When I first watched “The World of Tomorrow,” I fell in love with Emily Prime. This adorable little child trusted, beyond a shadow of a doubt. She genuinely wanted to share her life with this total stranger who happens to be a clone of Emily from 227 years in the future. One of my favorite moments in this short film is when Clone Emily (as I will refer to the clone in the rest of this post) talks to Child Emily about the technological advances of the future (or, it could be argued, regressions) and Child Emily just wants to show Clone Emily her pretty toy cars. “Vroom, vroom!” Too often we focus on the negative in the world. This film teaches us to appreciate the little things—every once in a while, we need to be like Child Emily, and play with our toy cars, and say what’s really on our minds.
I find it really interesting that, in this future, emotions are viewed as hassles, something that should be repressed or non-existent, and society is so obsessed with immortality that they are willing to lock their subconsciousness in a small cube that seems more like a torture device than an everlasting paradise. It even gets to the point where the end of the world is near, and it is discussed like its just another day.

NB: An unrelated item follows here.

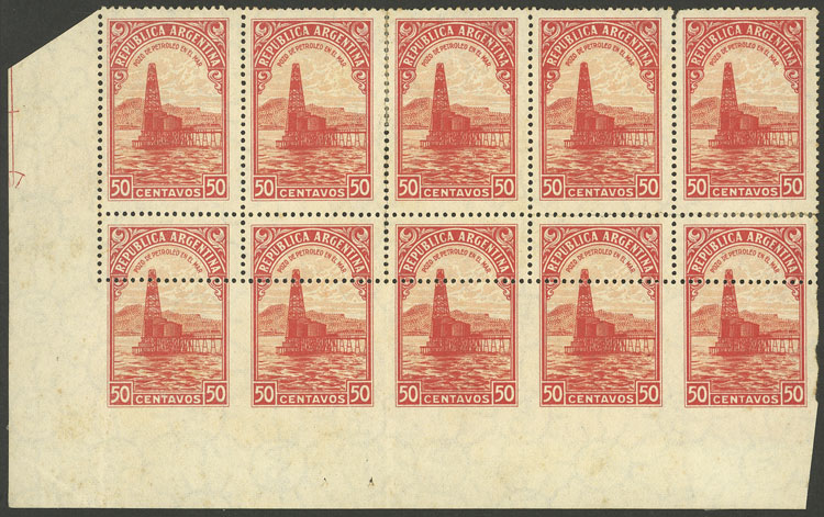 50c. Oil well, corner block of 10, the bottom stamps almost completely IMPERFORATE (value of an imperf pair US$500!!), with minor defects on gum but excellent front, very rare, spectacular! (Image)

It should be noted that, even though everyone knows the end of the world is coming in this futuristic society, instead of choosing to spend their final days being present with their loved ones, they choose to send their cubed-up consciousnesses into the ether. Where is the loving presence that Child Emily fosters? Where is the adventure, or fun? Clone Emily views love as a chore, not as something that is treasured. I have watched this short film several times, and I’ve made the realization that we are not too far off from the world that Clone Emily comes from. Social media and other technological innovations are starting to de-sensitize us to situations and make us apathetic towards the world and events happening in it. While we may be far off from being able to instantly watch any place or event in time like Clone Emily’s world can, we don’t seem too far off from throwing love away like it is something that can be evolved past. Being a kid again doesn’t sound that bad anymore.
Now, if you’ll excuse me, I have some toy cars to play with.